Quando e quante volte si può trasferire un mutuo aziendale

La portabilità del mutuo aziendale è stata per diversi anni al centro di diversi dubbi di natura legislativa. Oggi viene concessa.

Il mutuo aziendale e la legge che regola la sua portabilità

Si definisce mutuo aziendale il mutuo finalizzato che viene richiesto a una banca con il fine specifico di acquistare immobili, ristrutturare immobili, acquistare merci o servizi necessari alla prosperità dell’azienda che richiede il mutuo.

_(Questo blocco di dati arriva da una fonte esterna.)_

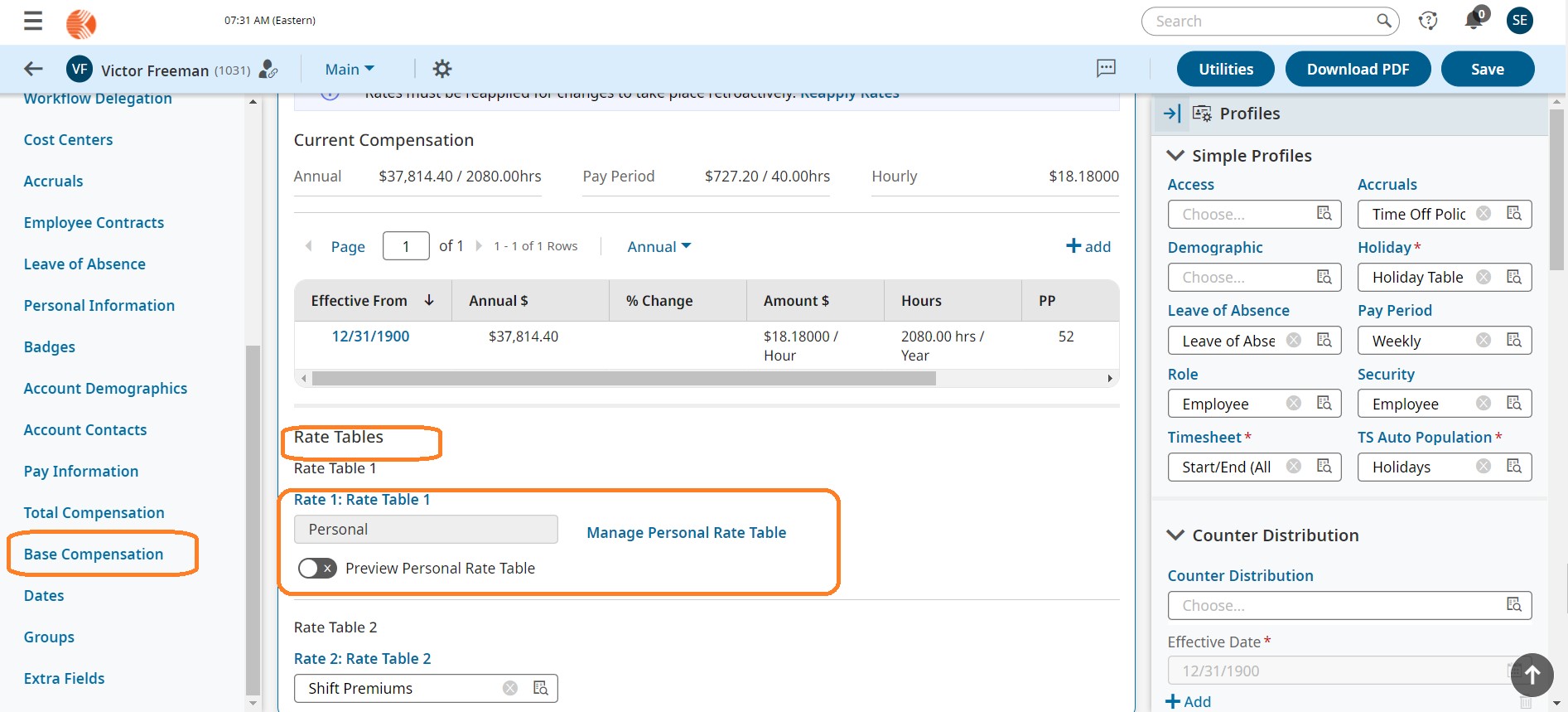 Locate the Base Compensation section. Click on Manage personal rate table

Al momento di richiedere il mutuo l’azienda dovrà presentare un prospetto molto specifico in cui vengono indicate le spese che si intende sostenere con il denaro ottenuto attraverso il mutuo.

Si tratta di operazioni a medio o lungo termine (la durata di un mutuo aziendale può andare dai soli 3 ai 30 anni).

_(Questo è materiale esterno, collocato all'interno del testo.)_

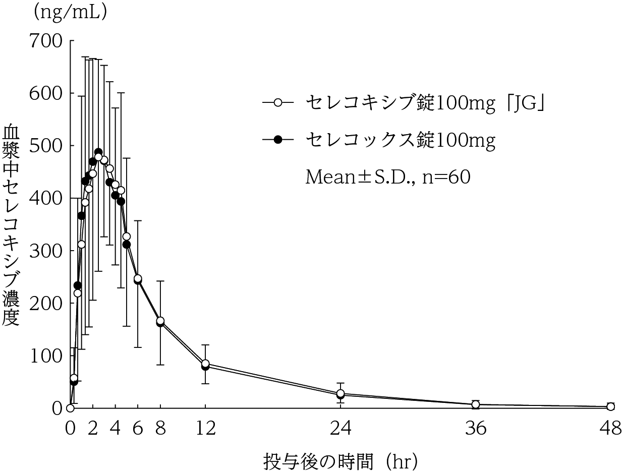 健康成人(投与期間:2週間)を対象とする実薬対照試験の結果、胃・十二指腸の潰瘍発現率(内視鏡所見)はセレコキシブ100mg1日2回投与で1.4%(1/74)、対照薬(COX-2に対して選択性の低い非ステロイド性消炎・鎮痛剤)で27.6%(21/76)、プラセボで2.7%(1/37)であった47) 。セレコキシブ群の胃・十二指腸の潰瘍以外で2例以上の副作用の発現率は、びらん性胃炎10.5%(8/76)、腹部不快感2.6%(2/76)、上腹部痛2.6%(2/76)、胃炎2.6%(2/76)、口内炎2.6%(2/76)であった。
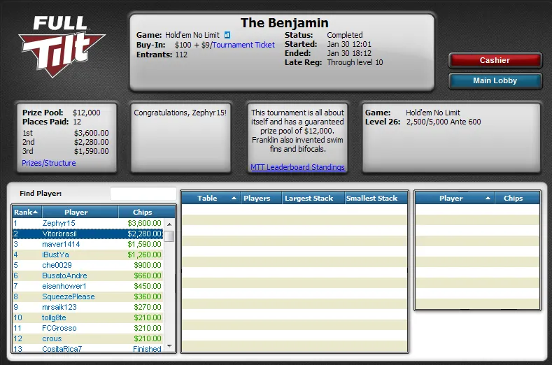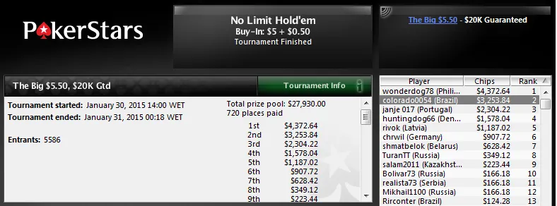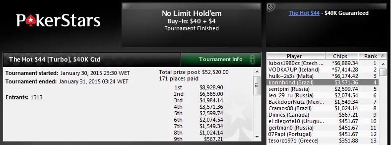 Em noite de forras modestas no poker online, quem se deu bem foi "thaleskoppe" que recebeu US$15,721 depois de dividir a premiação com "AsjBaaaf". O brasuca ficou na segunda colocação do The Big $162 com 650 jogadores e prize pool de US$97,500. Os dois jogadores fizeram acordo no heads-up em racharam ao meio a premiação.

La surroga o portabilità del mutuo aziendale

In generale i mutui o i finanziamenti bancari possono essere surrogati, ovvero trasferiti da una banca all’altra nel momento in cui il richiedente ritenga di trovare delle condizioni più favorevoli con il secondo istituto di credito.

La legge che regola la surroga o portabilità dei mutui è l’articolo 1202 del Codice Civile modificato dalla cosiddetta Legge Bersani bis (riferimento in particolare all’articolo 8). La legge Bersani Bis rimaneggiò un testo già esistente, eliminando tutte le spese aggiuntive con le quali in passato le banche indirettamente riuscivano a dissuadere i clienti intenzionati a spostare il proprio mutuo. Attualmente i risparmiatori non sono tenuti a pagare le spese legali per il trasferimento del mutuo, non sono tenuti a pagare alcuna commissione alla vecchia banca.

Per quanto abbia certamente apportato delle migliorie, la legge Bersani bis non eliminò alcune zone d’ombra presenti già nel testo precedente: è possibile chiedere la portabilità del mutuo nel caso di un mutuo aziendale? Il testo non si presta a un’interpretazione univoca, tuttavia oggi si ritiene comunemente che sia possibile effettuare la portabilità di un qualsiasi mutuo, che sia aziendale o intestato a persona fisica.

Da tenere presente però che nel momento in cui si ottenga la portabilità di un mutuo aziendale si rinuncia a tutti i vantaggi fiscali assicurati dal comma 4 bis dello stesso articolo 1202.